Your goal ▸
Set out exactly, line by line, the stretch of data below that begins at the line containing "強力なパワー入力時にタイヤと" and ends at the line containing "ソムリエ田崎真也おすすめ。ク", with both ends kept.

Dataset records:
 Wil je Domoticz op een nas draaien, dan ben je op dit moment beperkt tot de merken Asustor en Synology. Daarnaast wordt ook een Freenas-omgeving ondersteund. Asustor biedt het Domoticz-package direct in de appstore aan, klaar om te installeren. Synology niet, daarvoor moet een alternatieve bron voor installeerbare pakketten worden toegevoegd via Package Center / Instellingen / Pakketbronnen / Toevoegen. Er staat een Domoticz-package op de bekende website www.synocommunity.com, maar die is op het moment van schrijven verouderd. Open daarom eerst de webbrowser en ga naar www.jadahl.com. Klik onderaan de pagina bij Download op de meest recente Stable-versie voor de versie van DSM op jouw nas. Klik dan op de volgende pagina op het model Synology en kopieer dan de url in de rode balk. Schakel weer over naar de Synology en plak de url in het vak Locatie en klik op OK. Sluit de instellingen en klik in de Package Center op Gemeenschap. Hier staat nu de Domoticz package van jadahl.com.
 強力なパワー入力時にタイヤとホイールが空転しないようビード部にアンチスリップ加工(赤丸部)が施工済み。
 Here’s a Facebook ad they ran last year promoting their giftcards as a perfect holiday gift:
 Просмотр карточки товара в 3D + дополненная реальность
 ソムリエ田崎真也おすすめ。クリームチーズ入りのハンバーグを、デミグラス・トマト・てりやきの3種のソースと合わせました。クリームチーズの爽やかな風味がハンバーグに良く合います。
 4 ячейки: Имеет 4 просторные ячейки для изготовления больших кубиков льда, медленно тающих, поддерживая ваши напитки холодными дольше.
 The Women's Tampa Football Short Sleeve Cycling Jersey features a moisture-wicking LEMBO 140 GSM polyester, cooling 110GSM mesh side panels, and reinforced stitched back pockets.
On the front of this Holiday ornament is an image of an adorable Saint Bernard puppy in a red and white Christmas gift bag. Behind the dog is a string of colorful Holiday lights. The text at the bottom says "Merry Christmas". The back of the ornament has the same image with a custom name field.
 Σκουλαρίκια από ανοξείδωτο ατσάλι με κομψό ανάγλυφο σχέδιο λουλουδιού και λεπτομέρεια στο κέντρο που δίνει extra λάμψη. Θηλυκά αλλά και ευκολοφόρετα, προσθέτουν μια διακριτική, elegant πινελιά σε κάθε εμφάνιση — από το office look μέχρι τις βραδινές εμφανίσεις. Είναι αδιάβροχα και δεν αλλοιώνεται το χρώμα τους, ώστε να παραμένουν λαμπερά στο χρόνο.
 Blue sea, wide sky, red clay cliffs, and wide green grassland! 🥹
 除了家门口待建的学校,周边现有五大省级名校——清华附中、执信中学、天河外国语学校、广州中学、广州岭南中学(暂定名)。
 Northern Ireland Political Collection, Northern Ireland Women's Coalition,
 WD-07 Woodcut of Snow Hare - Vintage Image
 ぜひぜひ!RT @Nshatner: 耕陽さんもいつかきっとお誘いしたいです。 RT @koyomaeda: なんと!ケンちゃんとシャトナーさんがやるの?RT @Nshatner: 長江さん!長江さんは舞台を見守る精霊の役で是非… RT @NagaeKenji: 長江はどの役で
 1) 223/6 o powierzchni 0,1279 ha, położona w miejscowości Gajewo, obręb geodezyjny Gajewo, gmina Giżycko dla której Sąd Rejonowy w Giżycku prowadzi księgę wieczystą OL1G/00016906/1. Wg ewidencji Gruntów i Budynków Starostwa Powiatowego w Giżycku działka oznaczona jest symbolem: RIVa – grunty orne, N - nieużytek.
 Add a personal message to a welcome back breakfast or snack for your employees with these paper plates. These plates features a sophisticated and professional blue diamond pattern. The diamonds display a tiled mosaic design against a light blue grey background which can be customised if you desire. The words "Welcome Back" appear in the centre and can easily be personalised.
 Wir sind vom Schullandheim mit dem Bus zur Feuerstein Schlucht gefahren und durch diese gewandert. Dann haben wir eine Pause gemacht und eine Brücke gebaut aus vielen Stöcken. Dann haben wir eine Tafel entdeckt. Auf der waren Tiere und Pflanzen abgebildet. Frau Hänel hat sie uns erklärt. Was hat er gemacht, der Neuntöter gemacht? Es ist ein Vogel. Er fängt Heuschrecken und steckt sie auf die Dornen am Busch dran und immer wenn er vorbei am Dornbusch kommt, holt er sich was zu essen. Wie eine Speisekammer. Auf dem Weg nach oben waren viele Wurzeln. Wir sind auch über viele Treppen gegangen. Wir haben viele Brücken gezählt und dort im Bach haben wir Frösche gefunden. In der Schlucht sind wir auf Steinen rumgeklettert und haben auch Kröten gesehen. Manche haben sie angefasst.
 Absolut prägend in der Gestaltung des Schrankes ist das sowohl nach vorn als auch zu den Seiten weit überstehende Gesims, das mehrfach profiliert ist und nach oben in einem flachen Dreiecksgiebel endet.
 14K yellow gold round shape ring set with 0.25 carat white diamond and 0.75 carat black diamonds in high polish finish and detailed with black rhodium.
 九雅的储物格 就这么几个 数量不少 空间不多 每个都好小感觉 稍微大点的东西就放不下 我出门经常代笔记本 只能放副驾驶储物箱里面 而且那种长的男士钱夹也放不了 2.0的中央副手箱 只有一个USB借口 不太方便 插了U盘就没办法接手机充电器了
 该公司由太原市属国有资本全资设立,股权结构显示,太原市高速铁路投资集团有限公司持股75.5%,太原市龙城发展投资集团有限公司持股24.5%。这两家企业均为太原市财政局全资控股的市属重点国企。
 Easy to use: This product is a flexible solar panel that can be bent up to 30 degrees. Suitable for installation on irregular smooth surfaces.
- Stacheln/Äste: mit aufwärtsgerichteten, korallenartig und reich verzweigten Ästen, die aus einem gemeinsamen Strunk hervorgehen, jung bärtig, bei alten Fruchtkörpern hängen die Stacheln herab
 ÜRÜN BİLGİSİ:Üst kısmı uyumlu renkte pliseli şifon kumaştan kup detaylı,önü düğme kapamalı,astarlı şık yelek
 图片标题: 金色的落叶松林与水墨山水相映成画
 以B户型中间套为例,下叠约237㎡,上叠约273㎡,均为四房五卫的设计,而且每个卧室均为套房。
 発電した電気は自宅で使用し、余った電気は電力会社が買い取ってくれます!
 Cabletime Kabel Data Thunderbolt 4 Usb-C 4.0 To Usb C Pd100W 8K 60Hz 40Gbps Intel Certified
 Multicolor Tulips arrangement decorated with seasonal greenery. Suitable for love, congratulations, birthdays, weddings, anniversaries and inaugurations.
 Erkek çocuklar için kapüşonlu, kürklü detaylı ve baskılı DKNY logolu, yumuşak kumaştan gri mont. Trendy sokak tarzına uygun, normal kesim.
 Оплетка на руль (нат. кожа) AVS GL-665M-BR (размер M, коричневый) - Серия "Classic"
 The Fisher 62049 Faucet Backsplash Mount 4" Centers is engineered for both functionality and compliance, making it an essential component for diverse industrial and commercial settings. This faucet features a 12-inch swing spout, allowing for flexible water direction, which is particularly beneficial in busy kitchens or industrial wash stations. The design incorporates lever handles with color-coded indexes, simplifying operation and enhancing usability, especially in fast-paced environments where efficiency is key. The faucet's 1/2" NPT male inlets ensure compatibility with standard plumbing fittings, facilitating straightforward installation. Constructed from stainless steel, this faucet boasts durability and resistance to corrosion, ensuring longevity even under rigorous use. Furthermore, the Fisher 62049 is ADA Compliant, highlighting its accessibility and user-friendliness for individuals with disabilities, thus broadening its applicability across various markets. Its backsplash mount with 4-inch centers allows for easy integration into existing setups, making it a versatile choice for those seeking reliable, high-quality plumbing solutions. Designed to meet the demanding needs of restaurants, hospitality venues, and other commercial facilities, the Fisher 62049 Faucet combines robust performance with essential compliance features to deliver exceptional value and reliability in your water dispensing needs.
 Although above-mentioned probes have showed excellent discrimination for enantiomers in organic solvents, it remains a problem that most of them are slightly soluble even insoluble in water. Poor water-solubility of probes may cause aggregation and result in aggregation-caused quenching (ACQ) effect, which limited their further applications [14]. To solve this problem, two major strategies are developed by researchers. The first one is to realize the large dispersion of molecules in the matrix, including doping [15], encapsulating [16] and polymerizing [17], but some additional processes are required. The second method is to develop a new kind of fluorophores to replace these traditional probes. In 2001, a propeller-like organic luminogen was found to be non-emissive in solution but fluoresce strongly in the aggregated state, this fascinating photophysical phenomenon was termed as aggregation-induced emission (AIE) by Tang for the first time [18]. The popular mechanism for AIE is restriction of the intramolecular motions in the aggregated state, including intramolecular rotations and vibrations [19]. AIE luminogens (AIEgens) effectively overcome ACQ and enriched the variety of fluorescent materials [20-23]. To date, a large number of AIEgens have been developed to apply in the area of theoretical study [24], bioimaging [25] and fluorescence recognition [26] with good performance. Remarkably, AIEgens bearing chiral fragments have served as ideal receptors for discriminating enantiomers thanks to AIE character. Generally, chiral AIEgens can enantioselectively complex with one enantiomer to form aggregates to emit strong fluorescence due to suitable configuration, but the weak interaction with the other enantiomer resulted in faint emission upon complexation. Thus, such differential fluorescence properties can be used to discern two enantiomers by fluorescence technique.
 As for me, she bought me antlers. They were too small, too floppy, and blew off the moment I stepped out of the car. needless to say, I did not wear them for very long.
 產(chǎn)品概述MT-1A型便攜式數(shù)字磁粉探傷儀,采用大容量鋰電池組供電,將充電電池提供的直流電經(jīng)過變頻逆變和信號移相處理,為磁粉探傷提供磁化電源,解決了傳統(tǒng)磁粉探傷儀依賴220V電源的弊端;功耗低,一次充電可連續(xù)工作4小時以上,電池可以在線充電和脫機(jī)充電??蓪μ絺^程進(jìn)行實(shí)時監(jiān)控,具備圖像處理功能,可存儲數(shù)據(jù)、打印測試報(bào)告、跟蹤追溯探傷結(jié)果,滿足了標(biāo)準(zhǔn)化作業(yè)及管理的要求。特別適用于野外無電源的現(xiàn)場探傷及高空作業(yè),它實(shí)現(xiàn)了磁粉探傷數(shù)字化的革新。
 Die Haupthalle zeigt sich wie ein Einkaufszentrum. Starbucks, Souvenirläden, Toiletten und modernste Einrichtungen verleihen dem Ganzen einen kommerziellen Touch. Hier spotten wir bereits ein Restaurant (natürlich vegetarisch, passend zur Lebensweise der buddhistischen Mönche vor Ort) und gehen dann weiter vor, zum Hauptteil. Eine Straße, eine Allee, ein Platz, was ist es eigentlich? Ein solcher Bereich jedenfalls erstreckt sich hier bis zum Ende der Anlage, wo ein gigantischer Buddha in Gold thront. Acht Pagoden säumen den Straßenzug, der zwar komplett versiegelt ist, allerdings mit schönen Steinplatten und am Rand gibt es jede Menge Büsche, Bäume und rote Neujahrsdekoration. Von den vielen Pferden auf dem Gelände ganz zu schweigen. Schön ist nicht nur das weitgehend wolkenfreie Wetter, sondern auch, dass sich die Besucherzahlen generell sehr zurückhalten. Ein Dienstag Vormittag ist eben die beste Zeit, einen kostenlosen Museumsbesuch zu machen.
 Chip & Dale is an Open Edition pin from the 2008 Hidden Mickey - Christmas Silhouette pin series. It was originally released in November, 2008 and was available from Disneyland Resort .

Answer section ▸
 強力なパワー入力時にタイヤとホイールが空転しないようビード部にアンチスリップ加工(赤丸部)が施工済み。
 Here’s a Facebook ad they ran last year promoting their giftcards as a perfect holiday gift:
 Просмотр карточки товара в 3D + дополненная реальность
 ソムリエ田崎真也おすすめ。クリームチーズ入りのハンバーグを、デミグラス・トマト・てりやきの3種のソースと合わせました。クリームチーズの爽やかな風味がハンバーグに良く合います。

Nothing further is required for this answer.